And you expect review command to be executed after create but before migrate and seed, right?

BnGx commented 7 months ago

If it were possible, it would be perfect (and great!!!!) to run review command after create but before migrate and seed. However, in order not to distort the current flow (i.e. that of the interactive commands executed at the end) it could be considered that the priority of the interactive commands is managed separately, therefore in a typical example:

database:
  piped: true
  commands:
    create:
      priority: 40
      run: rake db:create
    review:
      priority: 45
      interactive: true
      run: <some interactive command>
    migrate:
      run: rake db:migrate
    seed:
      priority: 60
      run: rake db:seed
    test:
      priority: 50
      interactive: true
      run: <some interactive command>

This way the review command should be executed after create, migrate and seed but before test.

mrexox commented 7 months ago

I think priority of 50 is not obvious as a default. I'd suggest 0 as the default. If you don't specify a priority it is 0, and the command is always executed at the very end.

I think it makes sense since priority should be a natural number.

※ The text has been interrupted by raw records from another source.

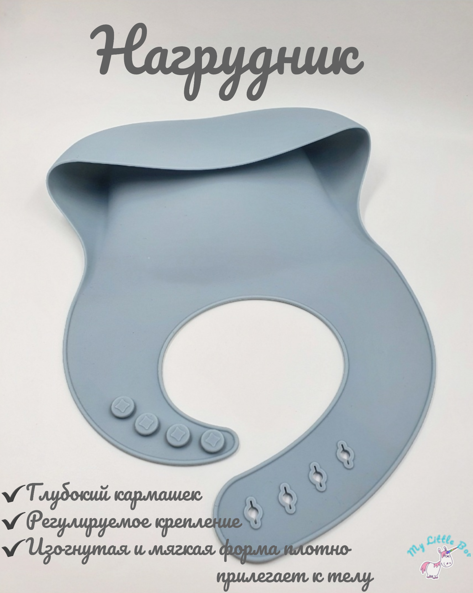 Нагрудник силиконовый для малышей, серо-голубой, My Little Boo интересное:
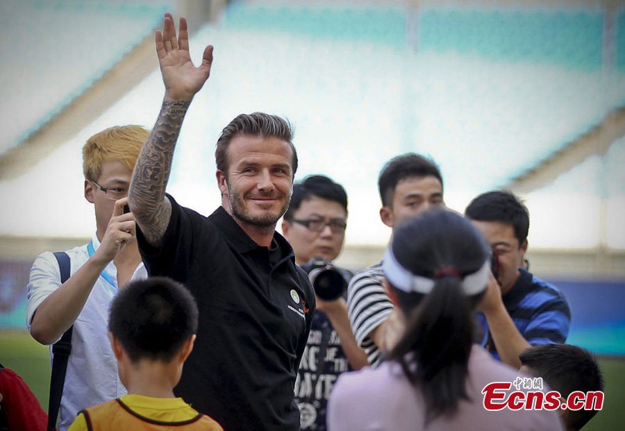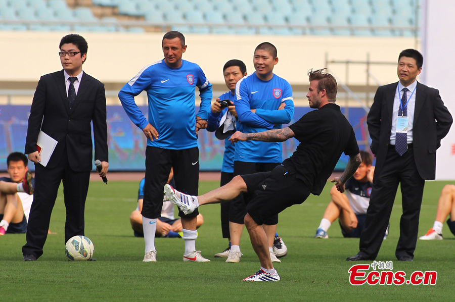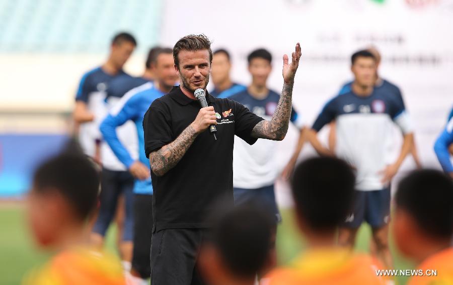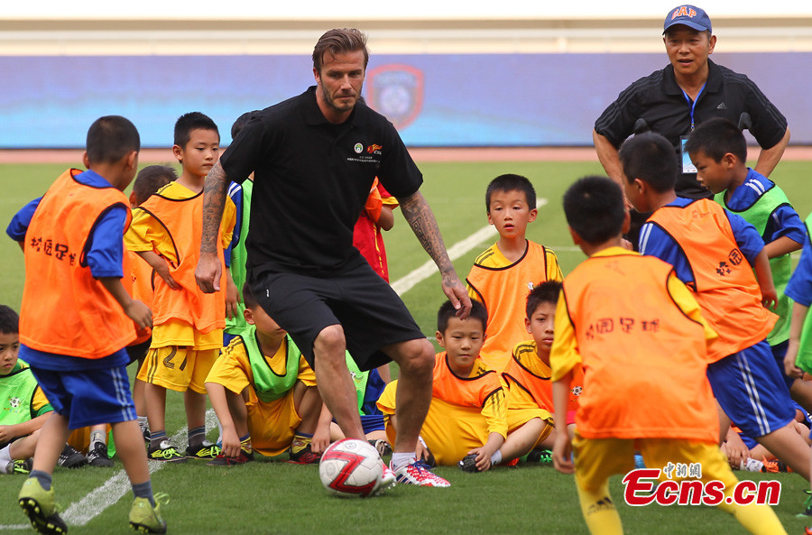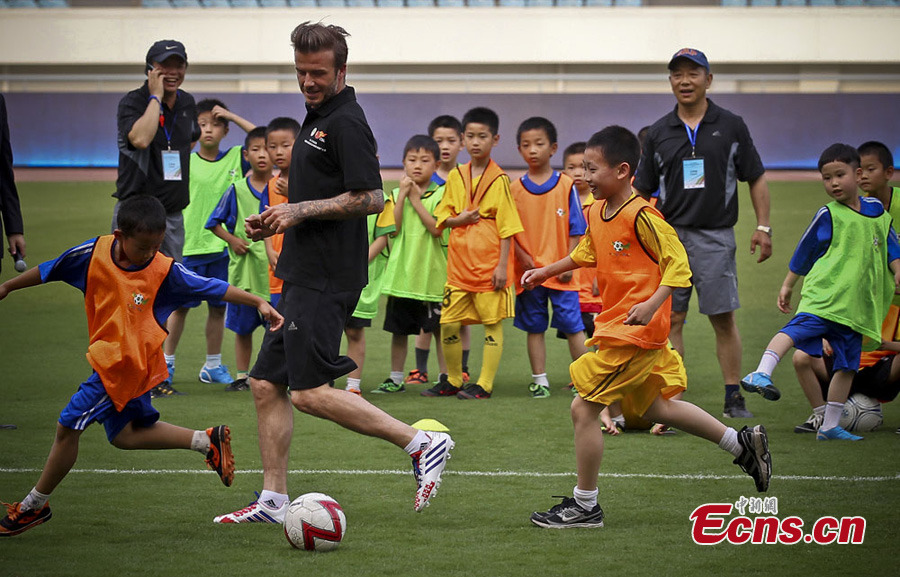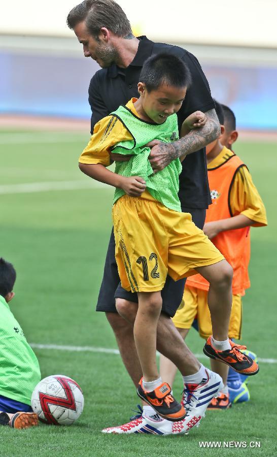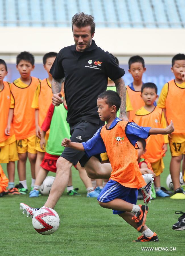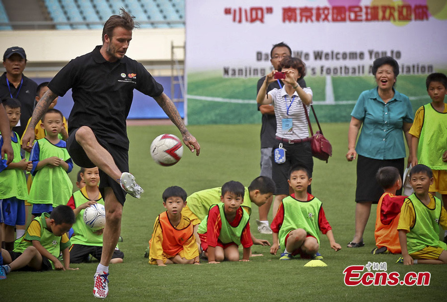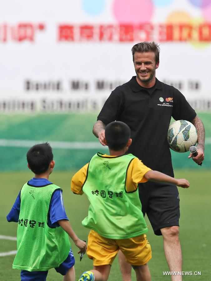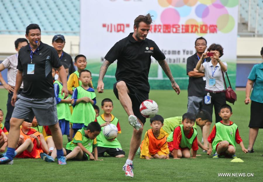 Recently retired football player David Beckham(R) takes part in a training session with students at Nanjing Olympic Center in Nanjing, east China's Jiangsu Province, June 18, 2013. Beckham is on a seven-day visit to China as the ambassador for the Football Programme in China and China's Super League. (Xinhua/Yang Lei)
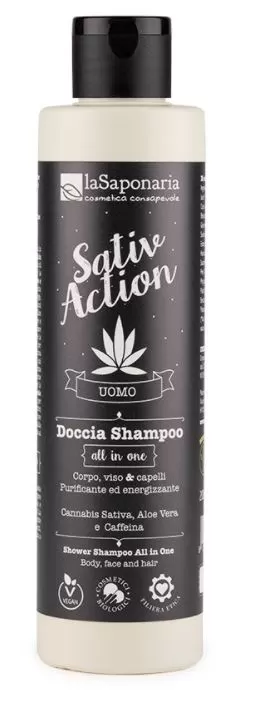 Un concentrato di natura in questo doccia shampoo All in One che racchiude un mix di ;Aloe vera, nota per rinfrescare e idratare, la Caffeina per dare una sferzata di energia e la Cannabis sativa per un’azione calmante e lenitiva sulla pelle e nutriente sui capelli. La sua naturalissima formula svolge anche un’azione purificante che lo rende un prodotto ideale dopo lo sport, per allontanare batteri e cattivi odori. Portalo con te dove vuoi e lasciati avvolgere dalla sua freschezza… dalla testa ai piedi! Il flacone del Doccia Shampoo All in one è inbioplastica, derivata dalla canna da zucchero Quantità: Ingredienti: Aqua,Aloe Barbadensis Leaf Juice*, Sodium Coco Sulfate,Coco Glucoside,Betaine,Cocamidopropyl Betaine,Disodium Capryloyl Glutamate,Glycerin,Sodium Lauroyl Sarcosinate,Sodium Chloride,Cannabis SativaSeed Extract,Arctium Lappa Root Extract*,Humulus Lupulus Flower Extract*,Caffeine,Saccharide Isomerate,Citrus Aurantifolia Peel Oil Distilled,Glyceryl Oleate,Sodium Phytate,Citric Acid,Sodium Citrate,Parfum**,Benzyl Alcohol,Sodium Benzoate,Sodium Dehydroacetate,Potassium Sorbate,Limonene (*da agricoltura biologica, **da estratti naturali)
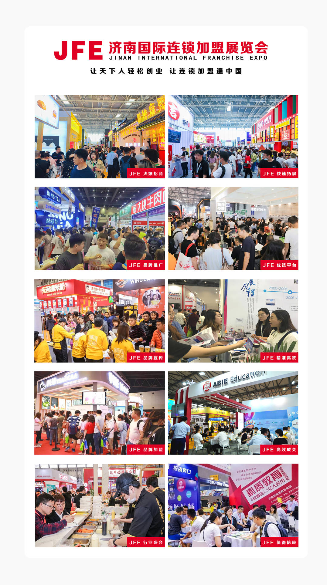 JFE济南国际连锁加盟展历时十余年,连续举办10届,集权威性、公信力和专业性为一体,切实保护加盟投资人的权益,累计服务超过100万国内外加盟投资者,是国内加盟投资配对的首选平台。

BnGx commented 7 months ago

I specify that I was referring to the ascending priority order (0 highest priority, 99 lowest priority), therefore a command with priority 1 is executed before a command with priority 10. According to this consideration, the commands with priority 0 would all be executed for first.

My proposal to use 50 arises from the possibility of being able to integrate the new configurations (those with the priority option) with the pre-existing ones, giving the possibility of being able to execute a new command (local or remote) before or after those already existing in the old configurations avoiding having to make further changes to them and leaving their functioning unchanged.

The number 0 would be ok if it were also possible to specify negative numbers, although this would significantly deviate from the concept of ascending priority queue in which I have rarely seen integers with a negative sign used as priority.

mrexox commented 7 months ago

I see what you mean but there are a few reasons I decided to use 0 as the default.

  1. In Golang there are default values for nulls for every type. For the int it is 0, so, right now it's much simpler to use 0 as a default.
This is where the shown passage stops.